**What to work on:** Repeat the listing below word for word, minus the pictures.

**Source material:**
·····

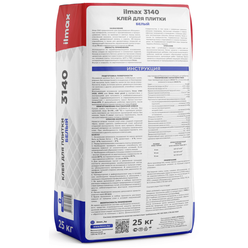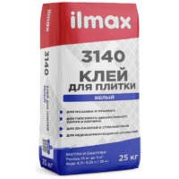 Клей для плитки ILMAX 3140 25 кг предназначен для приклеивания: плитки из натурального и искусственного камня, в том числе мраморной; стеклянной плитки (Грес); мозаики; прозрачной, полупрозрачной, склонной к изменению цвета (прокрашиванию) плитки; керамической глазурованной и неглазурованной плитки, клинкерной плитки; плиток с водопоглощением менее 1%, в том числе, керамогранитных плиток (Грес); АМК плитки внутри и снаружи зданий. ilmax 3140 может применяться для приклеивания плитки размером до 60х60 см. Используется на жестких (недеформируемых) впитывающих основаниях из следующих материалов: бетон; цементные и цементно-известковые штукатурки; кирпич и блоки из ячеистого бетона; цементные стяжки, в том числе полы с подогревом.Марка по консистенции К1, группа по сохраняемости консистенции St-4: РСС.
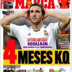 MARCA REAL MADRID HIGUAIN – Sul quotidiano madrileno Marca si parla dell’infortunio di Higuain che soffre di ernia discale. Il bomber argentino dovrà stare fermo quattro mesi, per lui la stagione è già finita.
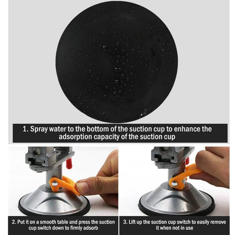 • Use the suction cup to spray water to the bottom to ensure that the table top is flat and clean, which can strengthen the suction capacity of the suction cup
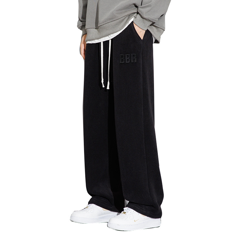 秋冬新款男士休闲裤加绒加厚卫裤羊羔绒直筒卫裤宽松百搭保暖棉裤

·····

**Solved exercise:**
 Клей для плитки ILMAX 3140 25 кг предназначен для приклеивания: плитки из натурального и искусственного камня, в том числе мраморной; стеклянной плитки (Грес); мозаики; прозрачной, полупрозрачной, склонной к изменению цвета (прокрашиванию) плитки; керамической глазурованной и неглазурованной плитки, клинкерной плитки; плиток с водопоглощением менее 1%, в том числе, керамогранитных плиток (Грес); АМК плитки внутри и снаружи зданий. ilmax 3140 может применяться для приклеивания плитки размером до 60х60 см. Используется на жестких (недеформируемых) впитывающих основаниях из следующих материалов: бетон; цементные и цементно-известковые штукатурки; кирпич и блоки из ячеистого бетона; цементные стяжки, в том числе полы с подогревом.Марка по консистенции К1, группа по сохраняемости консистенции St-4: РСС.
 MARCA REAL MADRID HIGUAIN – Sul quotidiano madrileno Marca si parla dell’infortunio di Higuain che soffre di ernia discale. Il bomber argentino dovrà stare fermo quattro mesi, per lui la stagione è già finita.
 • Use the suction cup to spray water to the bottom to ensure that the table top is flat and clean, which can strengthen the suction capacity of the suction cup
 秋冬新款男士休闲裤加绒加厚卫裤羊羔绒直筒卫裤宽松百搭保暖棉裤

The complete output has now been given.